Smith Snark on Shaftesbury (Anthony Ashley Cooper, Earl of Shaftesbury)

shaftesbury lord shaftesbury smith snark

Doug Den Uyl for AdamSmithWorks

The first entry in a new series on Adam Smith getting snarky. We're looking at people and ideas that Adam Smith disagreed with vehemently. What were the issues and did Smith play fair in his criticisms? First up, Lord Shaftesbury.
The issue at hand is Adam Smith’s treatment of Shaftesbury found in Smith’s Lectures on Rhetoric and Belles Lettres (LRBL). The problem is not that Smith might disagree with Shaftesbury on some things, or that the treatment of Shaftesbury is harsh. Smith disagrees with many people, and he can be quite merciless in his diagnosis of their mistakes and misconceptions. One is immediately reminded in this connection of his discussion of Bernard Mandeville at the end of The Theory of Moral Sentiments. But virtually all readers of Smith see something a good deal more scathing, indeed arguably unfair, in his discussion of Shaftesbury. Remarkably, Smith’s attacks upon Shaftesbury are not about some substantive doctrine in economics or morals, but rather over Shaftesbury’s writing style!

Why should we be concerned about Smith’s opinion of Shaftesbury? Shaftesbury’s Characteristiks of Men, Manners, Opinions, Times published early in the 18th century (1711) was second only to John Locke’s Second Treatise in the number of times it was reprinted during that century. Shaftesbury was first among a line of thinkers that included such notables as Francis Hutcheson, David Hume, and Adam Smith who were later identified as part of what is known as the Scottish Enlightenment. It was in the areas of morality, social, economic and political ideas that Shaftesbury exerted his influence upon these and other thinkers who followed him. Thus one would certainly expect a commentary on Shaftesbury by these later thinkers, such as Smith; but one would expect such commentaries to be substantive in terms of ideas, and not about a writing style. Further, one would not expect explanations of intellectual failings in terms of a person’s health—which one also finds in Smith.

As to writing style, the main principle Smith uses to evaluate writing is as follows: 
the perfection of stile consists in Expressing in the most concise, proper and precise manner the thought of the author, and that in the manner which best conveys the sentiment, passion or affection with which it affects…him and which he designs to communicate to his reader.
(LRBL i.133) 
With this general principle, or “Rule” as Smith calls it, in mind, the problem with Shaftesbury is that 
the author seems not at all to have acted agreably to the Rule we have given above but to have formed to himself an idea of beauty of Stile abstracted from his own character, by which he proposed to regulate his Stile.
(LRBL i.138) 
Smith does not like Shaftsbury’s style because it violates his principle rule and in doing so it leads to an overly ornate and pompous use of language.

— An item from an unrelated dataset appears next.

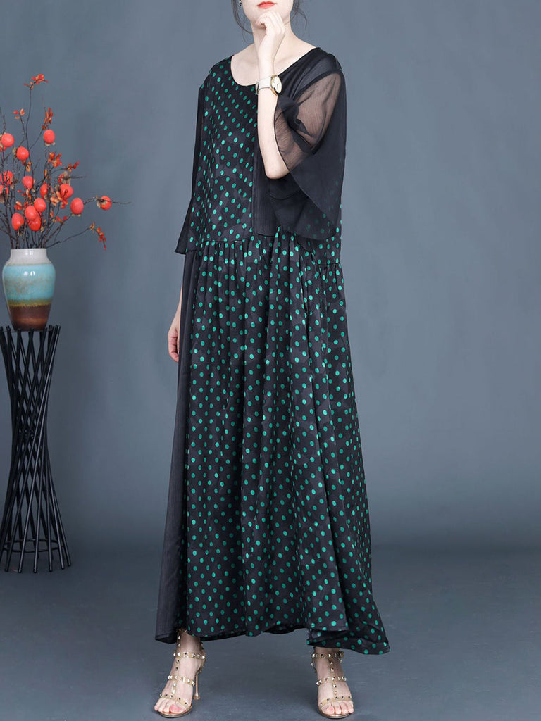 Women Summer Artsy Dot Spliced Loose Maxi Dress CV1048

Such use of language is an impediment to understanding the thoughts of an author. That in turn results in a lack of precision in conveying the message and thereby also a lack of constraints upon the responsibility of author to be clear in the message. If this were the whole story, we might move on and simply formulate our own opinions on whether and to what extent Shaftesbury violates Smith’s Rule (and whether that matters). Yet within this perhaps plausible criticism of Shaftesbury’s style, we find a number of other not so plausible “arguments” in support of the notion that Shaftesbury’s style leads him down some wrong paths. The first is the suggestion that Shaftesbury’s style is unfocused because he has no real substantive commitments, secondly that he is a kind of ideologue who chooses his friends on the basis of some abstract commitments rather than the merits of genuine arguments or sentiments, and thirdly that he is not completely trustworthy because he is drawn to fringe groups rather than the common core of the established church. 

But that is not all. Shaftesbury was in fact a shallow and weak reasoner, according to Smith,  because Shaftesbury was 
of a very puny and weakly constitution, always either under some disorder or in dread of falling into one. Such a habit of body is very much connected, nay almost continually attended by, a case of mind in a good measure similar. Abstract reasoning and deep searches are too fatiguing for persons of this delicate frame.
(LRBL i.139) 
Such men, Smith points out, can indulge their sensibilities without taxing their minds or constitutions. Finally, Smith claims that Shaftesbury 
shews a great ignorance of the advances [science] had then made and a contempt for its followers” because “it did not afford the amusement his disposition required and the mathematicall part particularly requires more attention and abstract thought than men of his weakly habit are generally capable of.
(LRBL i.140-141) 
If Shaftesbury had had some training in science, perhaps his reasoning would have been better and his style clearer. 

Smith is thought to have been significantly influenced by Shaftesbury, so these ad hominem attacks are all the more surprising. Why Smith takes this attitude towards Shaftesbury no one really knows. There have been speculations, for example, “Das Shaftesbury Problem,” and responses in The Adam Smith Review yet in the end, all is really still just that, speculation.